▸ EXERCISE DIRECTIONS: Exactly the lines from the one holding "乐山市公安局刑侦支队反诈中心" through the last line of the listing below must appear in the answer, and no pictures.

▸ DATASET CONTENT:
::::::
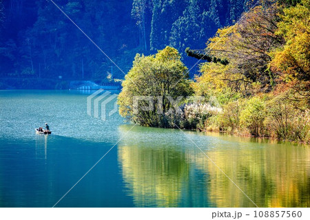 11月初,剛過中午,從只見線隼人站眺望無限峽渡輪的秋景(福島縣三島町)
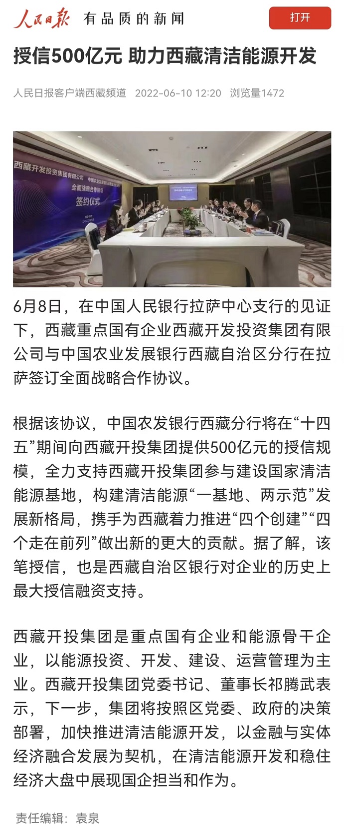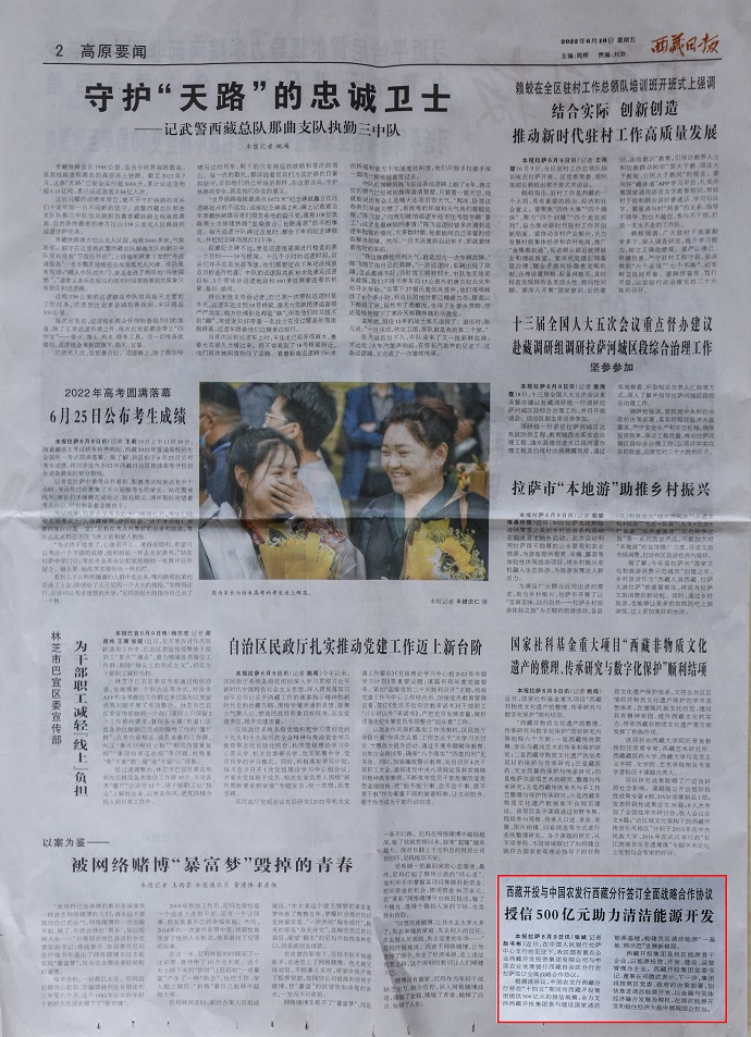 (編者按)6月10日,《人民日報》客戶端西藏頻道報道了《授信500億元 助力西藏清潔能源開發(fā)》。《西藏日報》2022年6月10日在第2版“高原要聞”欄目刊登文章,報道《授信500億元|西藏開投集團與中國農(nóng)發(fā)行西藏分行簽訂全面戰(zhàn)略合作協(xié)議》。西藏電視臺2022年6月10日在西藏電視臺影視文化頻道《今晚九點》欄目報道了《授信500億元|西藏開投集團與中國農(nóng)發(fā)行西藏分行簽訂全面戰(zhàn)略合作協(xié)議》,《珠峰云》平臺同步播放。新華網(wǎng)、經(jīng)濟日報、西藏衛(wèi)視、西藏日報客戶端、網(wǎng)信西藏、今日頭條等媒體均報道了相關(guān)新聞。全文如下:
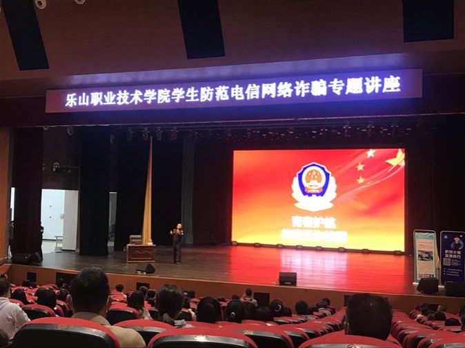 乐山市公安局刑侦支队反诈中心副大队长郑好首先作了防范电信(网络)诈骗宣讲。郑队长让同学们关注公众号、观看防(受)骗视频、关注视频号,所宣讲内容让全体师生身临其境,提高了同学们的防诈骗意识和能力。乐山移动嘉州分公司副总经理杨海随后为同学们对出售、出租、出借手机卡的危害进行宣传。他们的宣讲,都是以师生喜闻乐见的方式进行的,内容丰富,又别开生面,生动形象,让听众收获颇多。
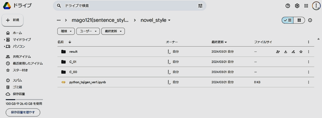 Googleのアカウントが必要です。MyDriveに自分でフォルダ(名前は自分で決めてください)を作り、そこに④でダウンロードしたファイルをアップロードします。下図のようになればOKです。
::::::
▸ PROBLEM SOLUTION:
 乐山市公安局刑侦支队反诈中心副大队长郑好首先作了防范电信(网络)诈骗宣讲。郑队长让同学们关注公众号、观看防(受)骗视频、关注视频号,所宣讲内容让全体师生身临其境,提高了同学们的防诈骗意识和能力。乐山移动嘉州分公司副总经理杨海随后为同学们对出售、出租、出借手机卡的危害进行宣传。他们的宣讲,都是以师生喜闻乐见的方式进行的,内容丰富,又别开生面,生动形象,让听众收获颇多。
 Googleのアカウントが必要です。MyDriveに自分でフォルダ(名前は自分で決めてください)を作り、そこに④でダウンロードしたファイルをアップロードします。下図のようになればOKです。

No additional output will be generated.